# [Activity]
Word for word, restate the lines of the data below between those holding "Links in de" and "Paris, 1911 - Costume", inclusive; pictures do not belong in the copy.

# [Source material]
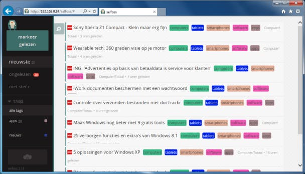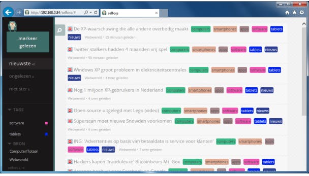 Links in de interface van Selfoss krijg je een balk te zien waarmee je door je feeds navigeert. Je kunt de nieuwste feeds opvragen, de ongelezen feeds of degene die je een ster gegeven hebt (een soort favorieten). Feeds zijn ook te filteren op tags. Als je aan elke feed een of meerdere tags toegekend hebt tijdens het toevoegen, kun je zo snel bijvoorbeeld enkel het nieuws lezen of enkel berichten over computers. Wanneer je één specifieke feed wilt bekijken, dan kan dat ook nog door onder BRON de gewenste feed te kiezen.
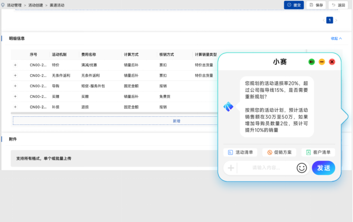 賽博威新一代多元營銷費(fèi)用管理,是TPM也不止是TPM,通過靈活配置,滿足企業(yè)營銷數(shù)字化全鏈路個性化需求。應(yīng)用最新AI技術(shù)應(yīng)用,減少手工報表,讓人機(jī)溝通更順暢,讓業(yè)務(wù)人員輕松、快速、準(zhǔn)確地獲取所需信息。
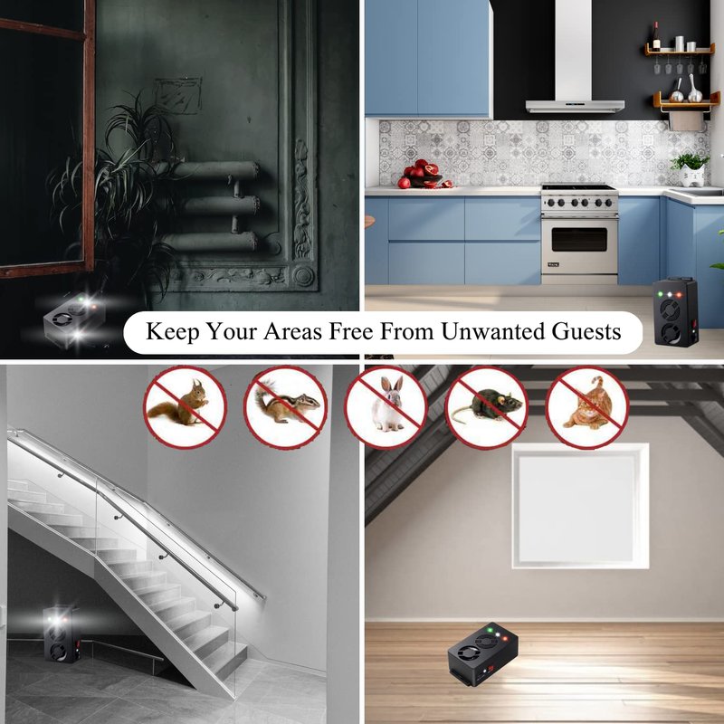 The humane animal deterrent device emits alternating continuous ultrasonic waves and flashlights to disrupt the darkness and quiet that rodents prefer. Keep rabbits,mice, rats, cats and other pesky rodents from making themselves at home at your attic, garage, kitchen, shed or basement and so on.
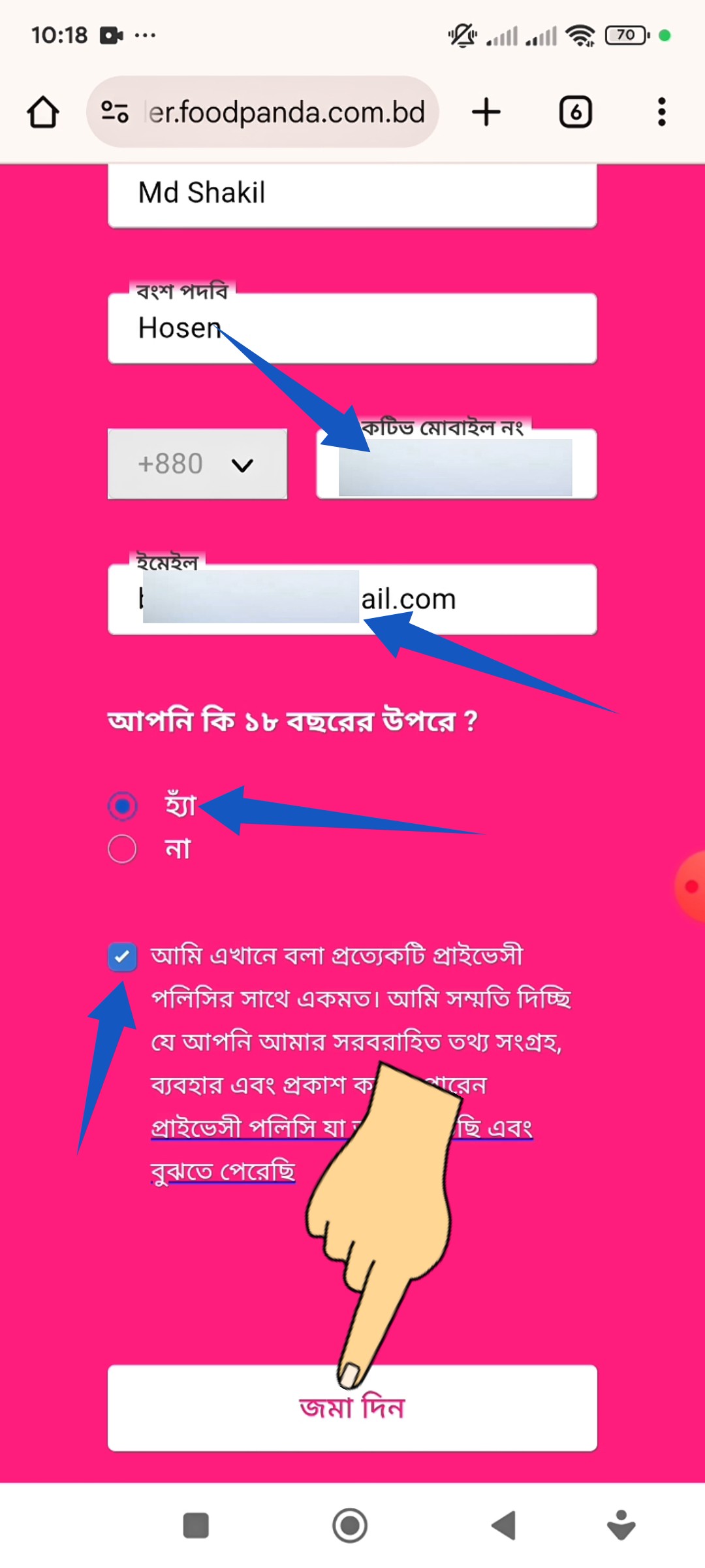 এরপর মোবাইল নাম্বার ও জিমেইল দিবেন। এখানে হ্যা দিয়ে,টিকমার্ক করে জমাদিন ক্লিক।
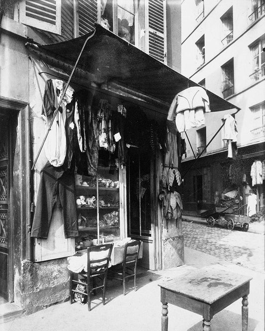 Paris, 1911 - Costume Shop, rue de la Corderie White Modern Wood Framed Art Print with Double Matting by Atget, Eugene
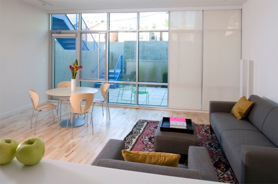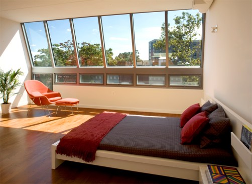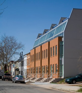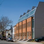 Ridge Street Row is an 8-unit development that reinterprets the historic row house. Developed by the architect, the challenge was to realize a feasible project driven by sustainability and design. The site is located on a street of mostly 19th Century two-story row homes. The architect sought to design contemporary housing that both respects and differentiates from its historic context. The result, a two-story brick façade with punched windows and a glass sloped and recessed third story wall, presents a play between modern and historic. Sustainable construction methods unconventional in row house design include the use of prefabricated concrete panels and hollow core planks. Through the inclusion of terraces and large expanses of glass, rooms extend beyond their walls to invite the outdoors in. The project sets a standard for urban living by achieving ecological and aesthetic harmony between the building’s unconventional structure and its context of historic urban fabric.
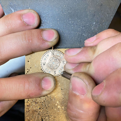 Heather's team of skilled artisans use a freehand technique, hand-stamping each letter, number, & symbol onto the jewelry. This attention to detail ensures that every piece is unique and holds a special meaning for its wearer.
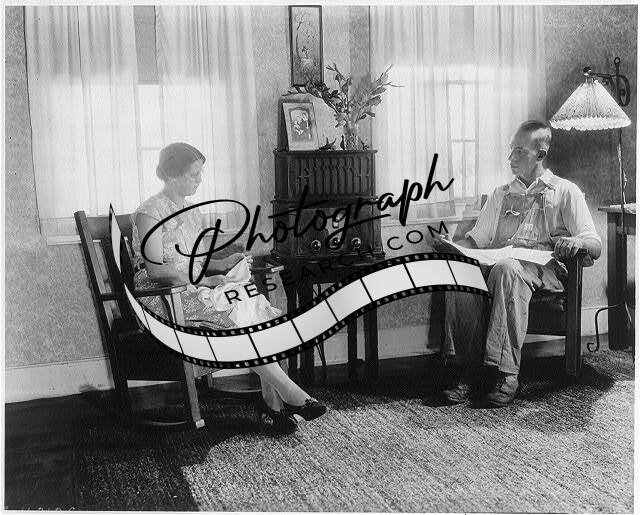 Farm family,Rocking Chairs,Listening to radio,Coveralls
==
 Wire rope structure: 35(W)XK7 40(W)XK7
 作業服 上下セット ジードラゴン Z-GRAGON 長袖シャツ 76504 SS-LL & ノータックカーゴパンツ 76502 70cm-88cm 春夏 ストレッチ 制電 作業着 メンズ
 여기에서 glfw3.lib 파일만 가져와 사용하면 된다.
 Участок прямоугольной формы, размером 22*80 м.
...
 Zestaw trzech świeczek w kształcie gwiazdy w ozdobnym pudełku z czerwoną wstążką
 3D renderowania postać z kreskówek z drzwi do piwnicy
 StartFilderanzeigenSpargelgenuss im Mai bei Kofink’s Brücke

# [Response to this exercise]
 Links in de interface van Selfoss krijg je een balk te zien waarmee je door je feeds navigeert. Je kunt de nieuwste feeds opvragen, de ongelezen feeds of degene die je een ster gegeven hebt (een soort favorieten). Feeds zijn ook te filteren op tags. Als je aan elke feed een of meerdere tags toegekend hebt tijdens het toevoegen, kun je zo snel bijvoorbeeld enkel het nieuws lezen of enkel berichten over computers. Wanneer je één specifieke feed wilt bekijken, dan kan dat ook nog door onder BRON de gewenste feed te kiezen.
 賽博威新一代多元營銷費(fèi)用管理,是TPM也不止是TPM,通過靈活配置,滿足企業(yè)營銷數(shù)字化全鏈路個性化需求。應(yīng)用最新AI技術(shù)應(yīng)用,減少手工報表,讓人機(jī)溝通更順暢,讓業(yè)務(wù)人員輕松、快速、準(zhǔn)確地獲取所需信息。
 The humane animal deterrent device emits alternating continuous ultrasonic waves and flashlights to disrupt the darkness and quiet that rodents prefer. Keep rabbits,mice, rats, cats and other pesky rodents from making themselves at home at your attic, garage, kitchen, shed or basement and so on.
 এরপর মোবাইল নাম্বার ও জিমেইল দিবেন। এখানে হ্যা দিয়ে,টিকমার্ক করে জমাদিন ক্লিক।
 Paris, 1911 - Costume Shop, rue de la Corderie White Modern Wood Framed Art Print with Double Matting by Atget, Eugene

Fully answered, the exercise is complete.